Дверь с облупившейся табличкой «112» поддалась нехотя, со скрипом. Кабинет был маленький, заставленный папками и стеллажами. За столом сидел мужчина лет тридцати пяти. У него были серьезные серые глаза, в которых, однако, не было ни казенного равнодушия, ни осуждения. Была лишь глубокая, профессиональная усталость.
— Прошу, садитесь, — сказал он ровным, спокойным голосом. — Меня зовут Дмитрий Сергеевич Орлов. Слушаю вас.
Вера села на стул, который, казалось, был привинчен к полу перед его столом, и молчала. Слова, которые она репетировала всю дорогу, застряли в горле колючим комком. Рассказать — значило признать. Признать не только его вину, но и свою собственную ошибку, свое долгое, унизительное молчание.
Дмитрий Орлов не торопил. Он просто смотрел на нее, и в его взгляде было то, чего она боялась и жаждала одновременно — внимательное участие. Он видел не просто очередную «потерпевшую», он видел ее — женщину с разбитым лицом и потухшим взором.
— Это трудно, я понимаю, — наконец произнес он, когда тишина стала совсем невыносимой. — Начните с самого начала. Или с конца. Как вам будет легче.

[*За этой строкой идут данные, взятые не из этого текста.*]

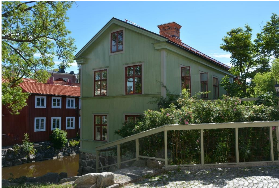
Byggnad IV från väster med ny färgsättning.
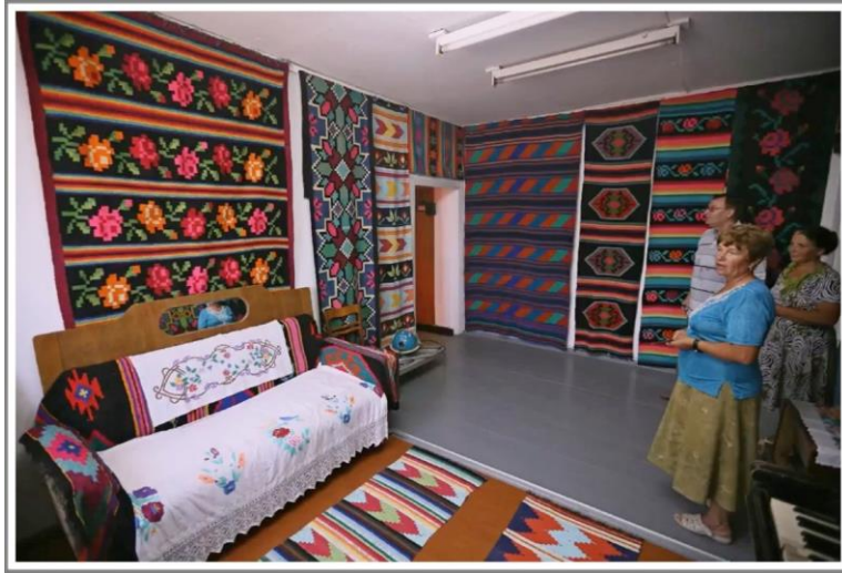
Рис. 2. Експозиція красназавчого музею з роботами гусарківських майстринь [8]

Експонати музею є гарним матеріалом для розвитку туризму на об'єктах нематеріальної культурної спадщини Запорізького краю і є яскравим прикладом для національно-патріотичного виховання молоді. В туризмі відвідування об'єктів НКС проявляється у формуванні ціннісного відношення до культури свого та інших народів (особливо, які живуть в багатонаціональній державі), артефактах культурної діяльності, архітектурі, живопису і т. ін., розширюється коло справжніх цінностей, підвищується свідомість, стимулюється самовиховання, саморозвиток. Базовими компонентами виховання засобами туризму з використанням об'єктів НКС є: виховання духовної особистості; потреба в їх пізнанні та спілкуванні з ними; потреба у перетворюючій діяльності; сприйняття навколишнього світу; благотворний вплив культурного середовища; залучення населення до здорового способу життя, сукупності фізичного і духовно-морального виховання [1, с. 23].
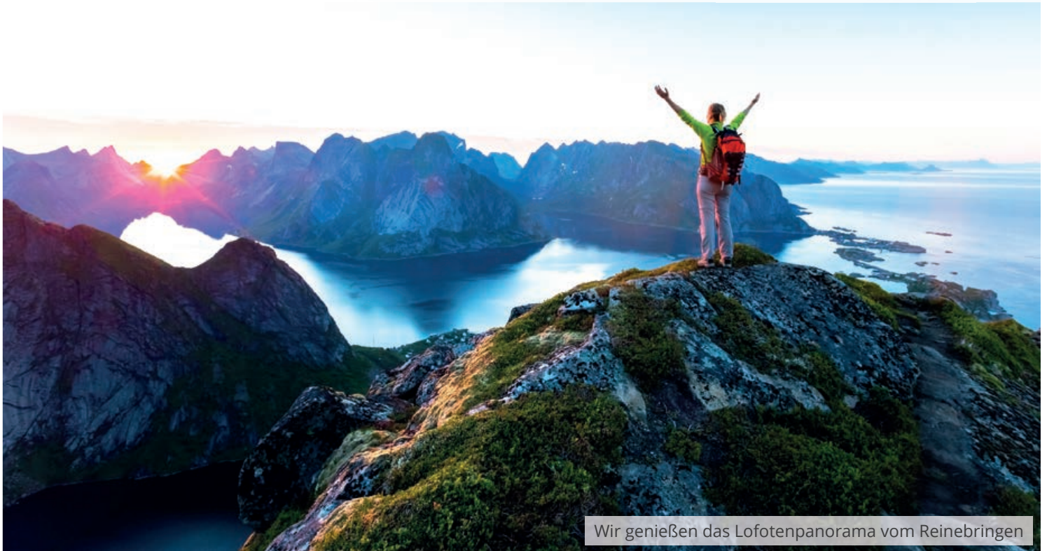
Wir genießen das Lofotenpanorama vom Reinebringen
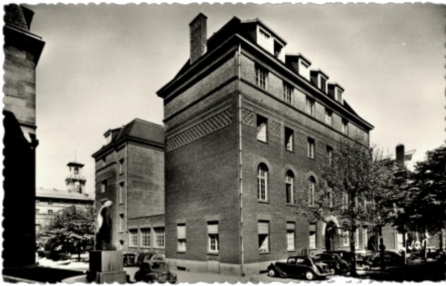
Façade est et sud de l'IHP en 1954 / East and south façades of IHP in 1954

Fondé et bâti en 1928 grâce à des mécènes privés au sein de la Faculté des sciences de l'Université de Paris comme un « centre d'enseignement et de recherches scientifiques sur la physique mathématique et théorique et les sciences connexes, telles que le calcul des probabilités », l'Institut Henri Poincaré est la maison historique des mathématiques et de la physique théorique en France.
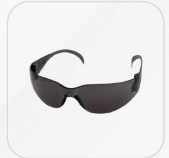
LENTE STEEL OBSCURO Y CLARO

И Вера заговорила. Сначала слова выходили из нее обрывками, спотыкаясь, как будто она рассказывала чужую, дурно выученную историю. Она говорила о пересоленном супе, о крике, о первом ударе. Дмитрий молча писал, его ручка ровно и бесстрастно скользила по бумаге, фиксируя ужас в протокольных формулировках: «нанес не менее трех ударов в область головы и туловища…», «выражался грубой нецензурной бранью…».
Постепенно, видя его спокойное, деловое отношение, Вера осмелела. Она рассказывала уже не только о сегодняшнем дне. Из нее полились воспоминания о прошлых унижениях, о ревности, превращавшей ее жизнь в допрос, о запретах видеться с подругами, о разбитой вазе — подарке покойной матери, — осколки которой ранили ее сильнее, чем его кулаки. Она говорила, и с каждым словом с ее души будто спадала одна из невидимых цепей. Она впервые облекала свой страх и свою боль в слова, и от этого они, как ни странно, теряли часть своей демонической власти над ней.
Дмитрий слушал, изредка поднимая на нее свои серые глаза. Он видел сотни таких историй. Но за каждой из них стояла живая, искалеченная судьба. В лице этой женщины, в ее тонких, нервных пальцах, в ее тихом, надтреснутом голосе он видел нечто большее, чем просто статистику. Он видел сломленную гордость, интеллигентность, растоптанную грубой силой. И это вызывало в нем не только профессиональное сочувствие, но и глухое, мужское негодование.
Когда Вера закончила, в кабинете снова повисла тишина. Но это была уже другая тишина — не давящая, а опустошенная, как поле после долгой битвы.
— Вам нужно пройти судебно-медицинскую экспертизу, — сказал Дмитрий, отодвигая от себя исписанный лист. — Я выпишу направление. Это необходимо для дела. И еще… У вас есть, где остановиться? Возвращаться в ту квартиру вам нельзя.
Этот простой, практический вопрос вернул Веру к реальности. Куда ей идти? Родителей давно не было в живых, а с немногими подругами Антон давно заставил ее разорвать отношения. Она была одна. Совершенно одна в этом огромном, холодном городе.